Findings: there is mild straightening of the lumbar lordosis. there is slight retrolisthesis of L5 over S1, apparently on the basis of facet joint arthropathy. no pars inter articulates defect is identified. there is diffuse narrowing of the disc spaces. several small Schmorl's node's are noted. the vertebral body heights are otherwise maintained. the osseous structures demonstrate normal marrow signal intensity. the conus Medullaris terminates normally at the L 12 level.

L1-L2: mild diffuse disc bulge without significant mass effect

L4-L5: mild diffuse circumferential disc bulge with a superimposed shallow posterior midline herniation. mild bilateral facet and ligamentum flavum hypertrophy he contribute to moderate right and mild left lateral recess stenosis. there may be a slight mass effect on the right L5 nerve root. the exit foramina are patent.

L5-S1: bilateral facet arthropathy with small bilateral facet joint effusions. there is a large right paramedian disc herniation extending into the lateral recess and origin of the right exit foremen. fragment measures 1.6 cm transverse by 1.3 cm AP. it displaces and probably compresses the right S1 nerve root.

IMPRESSION:
There is mild degenerative disc disease throughout the lumbar spine as detailed above the most significant findings are as follows:

L4-5: diffuse disc bulge with the posterior central protrusion contributing to moderate right and mild left lateral recess stenosis. there may be a slight mass effect on the right L5 nerve root.

L5-S1: large right lateral recess disc herniation displacing and probably compressing the right S1 nerve root.

What does all this mean? Any help I'd greatly appreciate!! Ty. God Bless

teteri66
08-26-2015, 12:06 PM
Simply put, you have degenerative disc disease (DDD) in both the cervical and lumbar spine. DDD is a misnomer as it is not really a "disease" but a collection of symptoms that cause back and neck pain. It is a common finding and occurs to almost all people as they age. Unfortunately it occurs earlier, and more extensively, in some people.

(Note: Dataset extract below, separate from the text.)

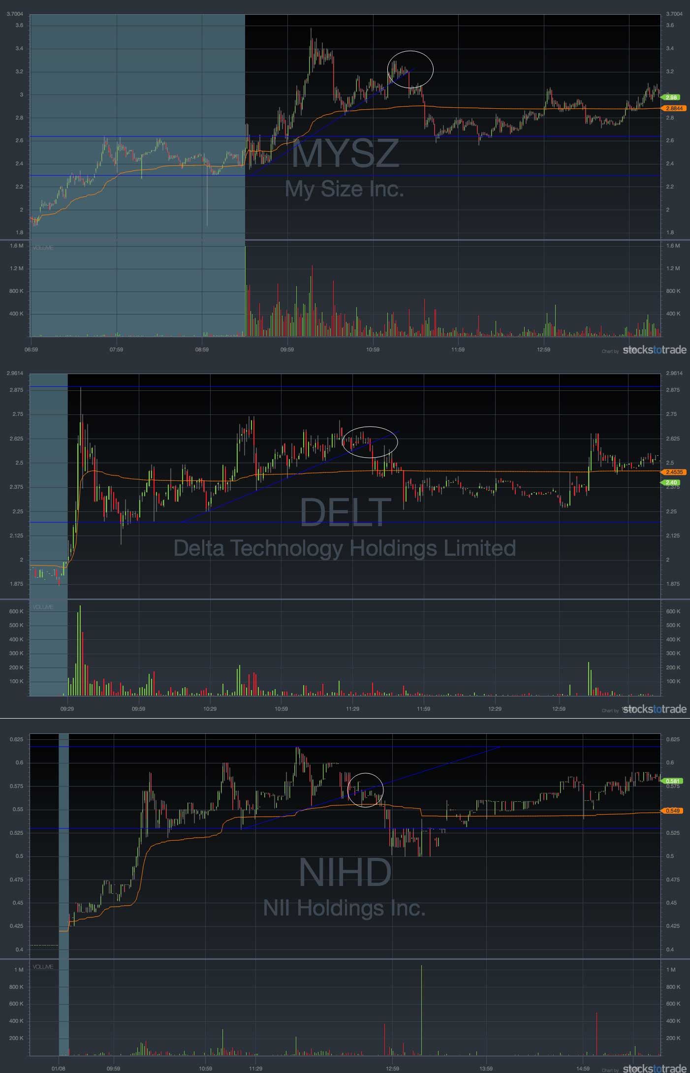 Three charts in the same day with similar patterns - $MYSZ $DELT $NIHD From 1/08/17

The disc is the soft, spongy, hockey puck-shaped cushioning that separates the bones (vertebrae) of the spine. They are mostly composed of "water," and as we age, the discs tend to dry out and flatten. As this occurs, it starts a cycle of events that often lead to the irritation or compression of a spinal nerve. One of these is called osteophyte disc complex which is referred to in the findings. Briefly, it means that as the disc flattens it sets off a process that is the body's attempt to remain stable. The body begins to grow small bony spurs along the disc, and sometimes the facet joints enlarge. This often results in nerve compression as the osteophytes take up space and end up pushing into a nerve.

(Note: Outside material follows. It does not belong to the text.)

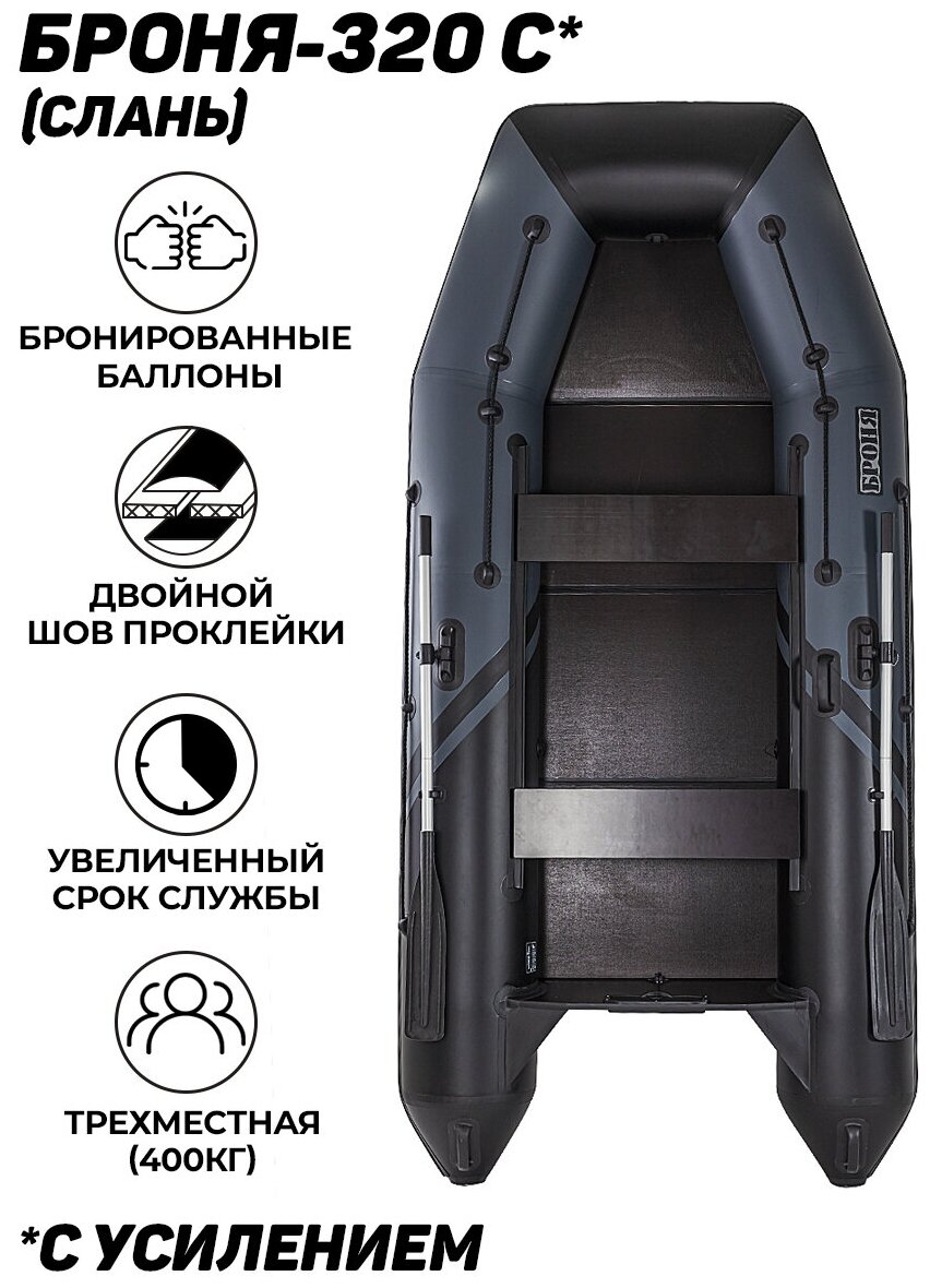 Лодка пвх под мотор Броня 320С (слань в комплекте) с усилением графит/чёрный информация:

Keep in mind that we are talking about a space that is already small to begin with. When everything is "normal," there is room for all parts, but when one part grows and takes up more than its allotted space, trouble begins and usually pain begins too.

There are two main areas where a spinal nerve can become compressed: the neuroforamen and the central spinal canal. When something like an enlarged facet joint or a herniated disc outgrows its space, in can push into an adjoining spinal nerve. This can narrow the canal where the nerve is located. This process is referred to as stenosis. Any time a nerve is irritated or compressed, it can cause pain, tingling or numbness at the site by the spine or anywhere along the pathway of the nerve. For example, compression of the L5 spinal nerve may be felt in the lower back or into the groin, buttocks, down the back of the leg, even running down to the three middle toes. If interested, you can look for a dermatome map online to see which part of the body is innervated by which spinal nerve.

One more thing you should know is that radiologists use specific adjectives to "rate" a finding as an indication of just how serious something is: minimal, mild, moderate and severe. Minimal and mild findings usually do not cause much pain or require further treatment, but moderate and severe findings are usually addressed by a spine specialist for a proper diagnosis and plan of treatment.

If you have not done so, you may want to set up an appointment with an orthopedic spine surgeon or a neurosurgeon whose practice is limited to the neck and back.